If you have a good business reputation, you will get trade credit from financial companies. This arrangement will reduce the financial burden on you substantially. You can pay back your credit after a certain period of time. However, consider negotiating a better rate for immediate payment. Many times suppliers give an attractive discount for immediate payment terms. You can apply for working capital financing from banks or NBFCs at the nominal interest rate and avail benefit of higher discount from your supplier.

Overdraft Facility

If you have maintained a good business relationship with your bank, your bank will provide an overdraft facility. Generally, banks provide the loan against assets like property or inventory.

In case of an overdraft loan, you can use the amount as per your need only. You will be charged the interest for the amount and duration of usage by you. This facility substantially reduces your interest cost.

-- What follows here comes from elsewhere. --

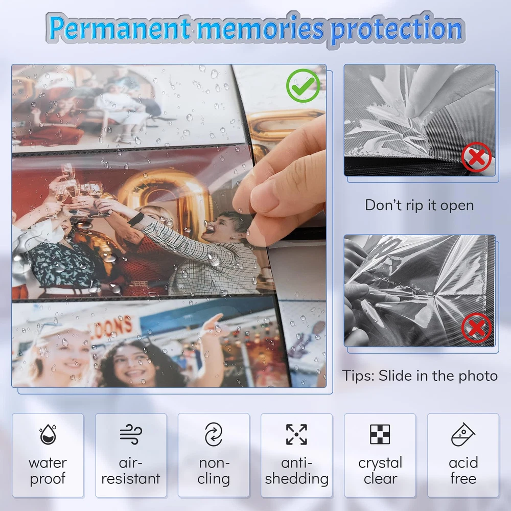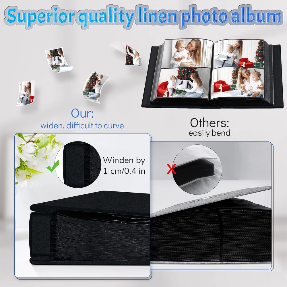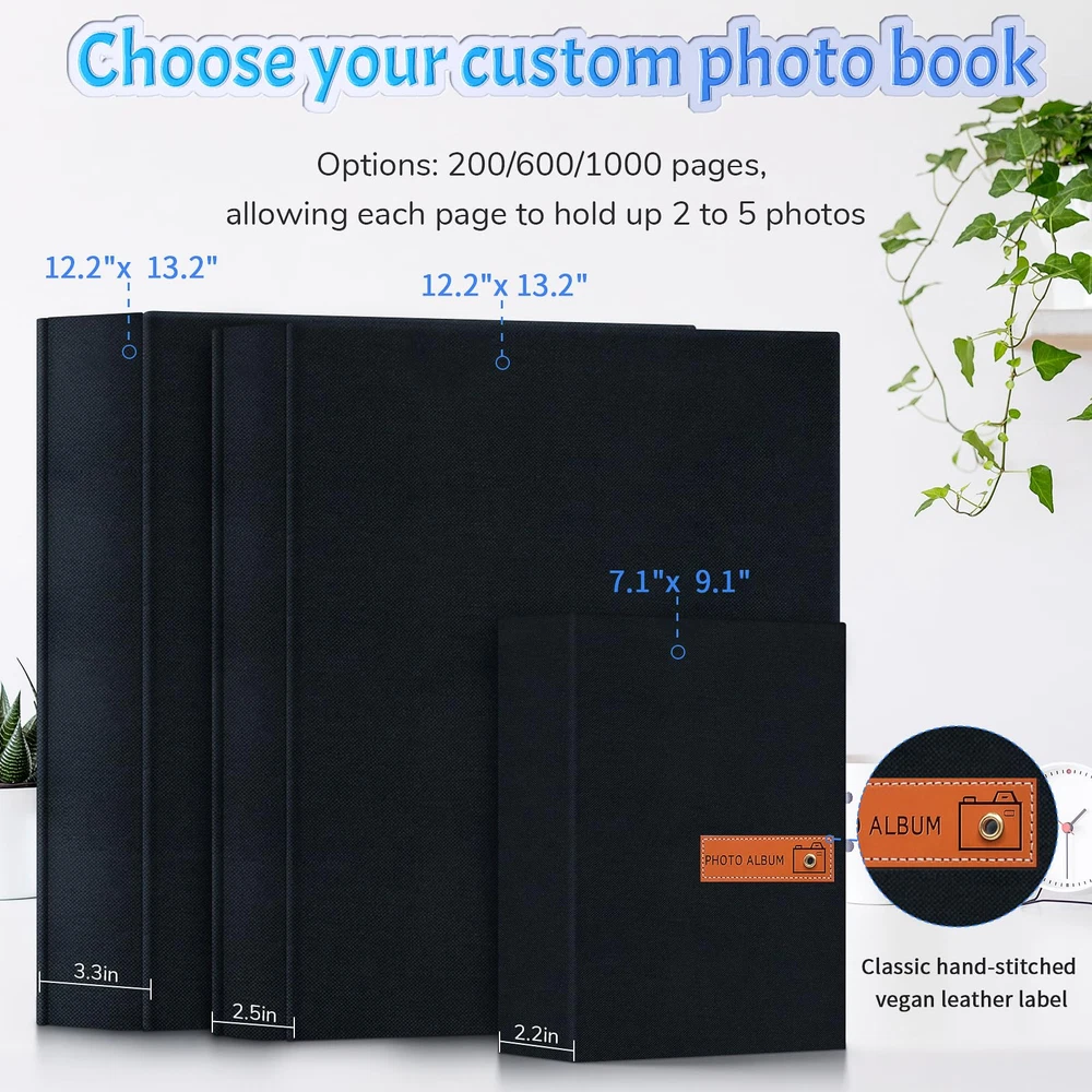 🙊Pefect size with a generous capacity: Our photo album can place 600 photos, allowing each page to hold 5 photos. The dimensions of the 600-page album are 12.2 x 13.2 x 2.5 inches, making it a convenient and spacious choice for preserving your precious memories 📖Durable inner pockets: The black inner pages of our albums are crafted with utmost care, made from acid-free and PP materials that not only protect your photographs from dust, water, and physical tearing, but also preserve the emotions and stories they hold. Every touch of these pages evokes a flood of memories, transporting you back to those special times. 👌Superior quality linen cover: This album's linen cover have classic hand-stitched leather label, ensures aesthetic appeal and long-lasting protection for your cherished memories. Our slip-in picture albums are wrapped in a fine linen cover.The book spine has been reinforce to prevent it from becoming too inflated when you fully insert your precious memories. 💟A personalized keepsake: Our photo albums are more than just a organizer of pictures; they are a reflection of your unique journey. They hold the real touch memories of baby's first steps, family reunions, adventures with friends, the unconditional love of pets, and the sweet moments shared with your significant other. These albums become a tangible embodiment of your most cherished experiences. 📦Dedicated to exceptional after-sales service: Your satisfaction and happiness are our utmost priority. We are here to support you every step of the way, ensuring that your shopping experience is smooth, enjoyable, and filled with emotions. Our dedicated team is ready to promptly address any questions, concerns, or issues you may have

If you need an unsecured loan without collaterals, NBFCs (Non-Banking Financial Companies) like Bajaj Finserv provides collateral-free small business loan for working capital up to Rs. 30 Lacs. A good credit history can help you to get the loan at lower rate of interest. Bajaj Finserv also processes your loan application within 24 hours to meet your emergency business need. To get your loan approved instantly, you can click here to know your pre-approved offer. The NBFC also provides a Flexi Loan facility wherein you can make unlimited withdrawals from a pre-set loan limit (without making multiple loan applications) and repay back as and when you want. Here, you pay interest only on what you use and have the option to pay only interest as EMIs, with the principal due for payment at the tenor’s end.

Accounts Receivable Loan

When you have received the Purchase Order (PO) from a reputed company, you can apply for account receivable loan. The bank will sanction the money immediately upon your application. However, you will need a good reputation and clear credit history to avail this type of loan. Your bank may create a lien or raise fund request directly to its credit from your customer. The working capital loan under this arrangement requires accurate paperwork and stringent norms to follow.

Tips to Use Working Capital Loan

  • The working capital loan should be used for short-term requirements like raw material purchase, the salary of the staff and similar expenses.
  • The use of working capital loan into fixed asset could turn fatal, as it needs more time to repay the loan. The loan term of working capital is usually one year.
  • As far as possible, consider applying unsecured loan for your working capital needs. You can use your fixed assets like property or inventory to apply for a long-term business loan.
  • If your business is subjected to seasonal fluctuations, a working capital loan with OD (Over Draft) facility could be a boon for you. Working capital loan interest rates are effectively cheaper when you use the OD facility carefully.
  • For speed and flexibility in the working capital loan, historically NBFCs have scored better over banks. You can invest more time in your business development instead of approaching banks multiple times.